Given material>
↓↓↓

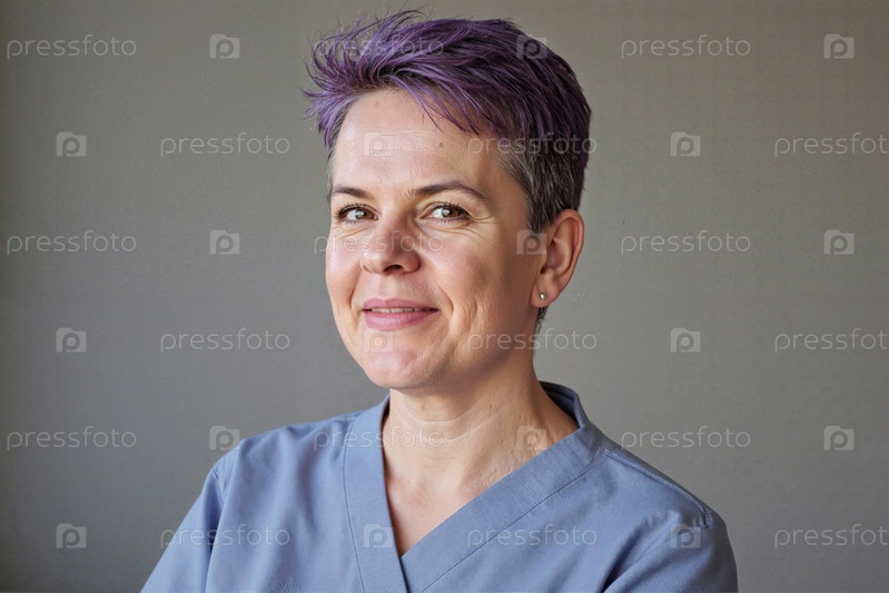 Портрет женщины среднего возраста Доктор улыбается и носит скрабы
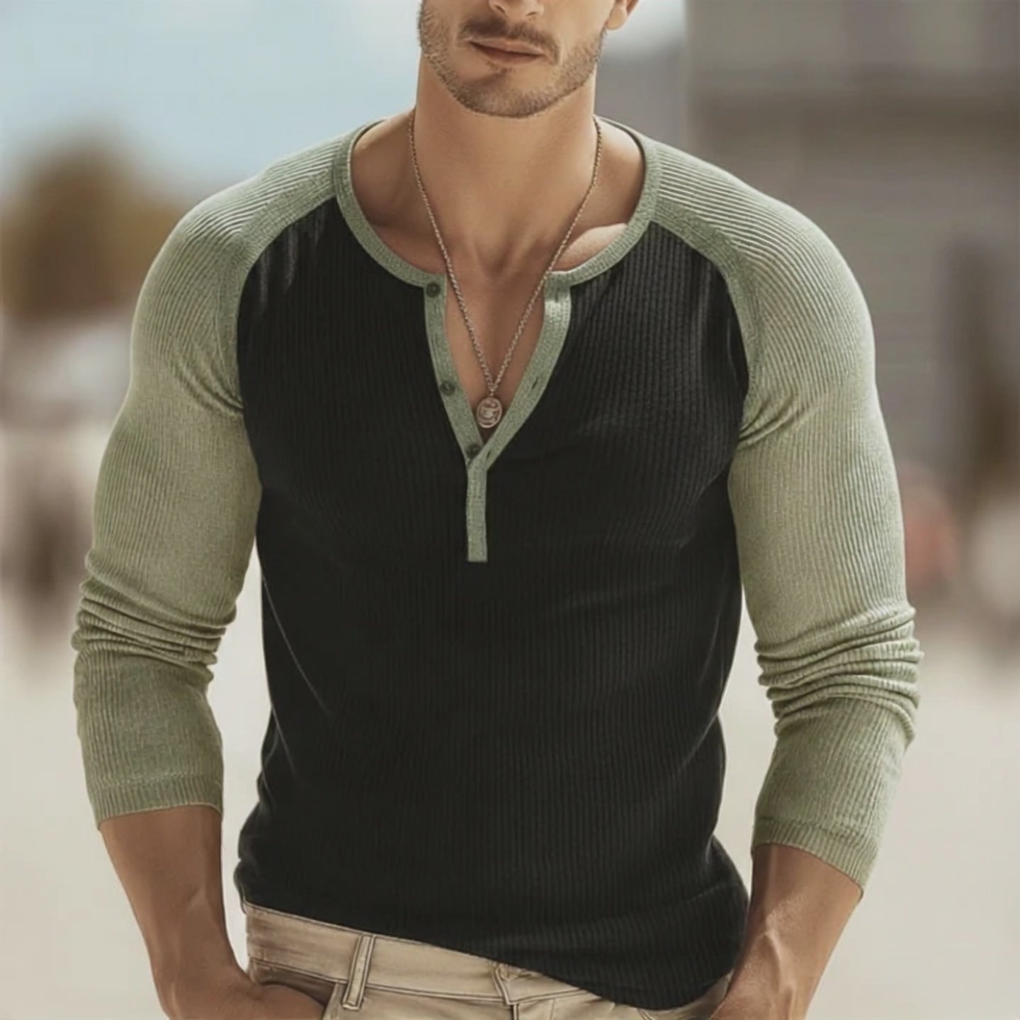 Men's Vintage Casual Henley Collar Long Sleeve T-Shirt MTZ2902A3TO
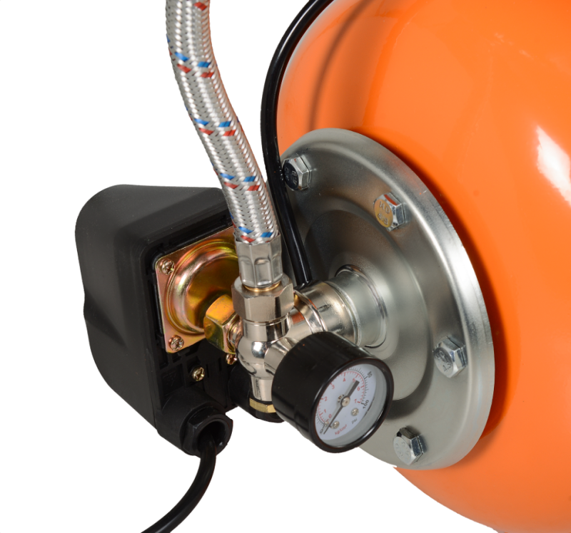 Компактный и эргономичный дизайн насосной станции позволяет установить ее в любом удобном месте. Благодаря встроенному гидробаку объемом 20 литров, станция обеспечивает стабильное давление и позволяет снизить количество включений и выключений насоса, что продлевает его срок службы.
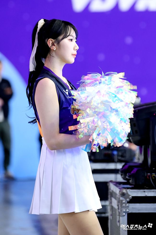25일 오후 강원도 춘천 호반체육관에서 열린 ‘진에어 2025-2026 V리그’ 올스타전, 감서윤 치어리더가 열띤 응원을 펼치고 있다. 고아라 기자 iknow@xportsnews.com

↑↑↑

What this task involves> Would you return the whole listing exactly, without the pictures?

Solution to this problem>
 Портрет женщины среднего возраста Доктор улыбается и носит скрабы
 Men's Vintage Casual Henley Collar Long Sleeve T-Shirt MTZ2902A3TO
 Компактный и эргономичный дизайн насосной станции позволяет установить ее в любом удобном месте. Благодаря встроенному гидробаку объемом 20 литров, станция обеспечивает стабильное давление и позволяет снизить количество включений и выключений насоса, что продлевает его срок службы.
25일 오후 강원도 춘천 호반체육관에서 열린 ‘진에어 2025-2026 V리그’ 올스타전, 감서윤 치어리더가 열띤 응원을 펼치고 있다. 고아라 기자 iknow@xportsnews.com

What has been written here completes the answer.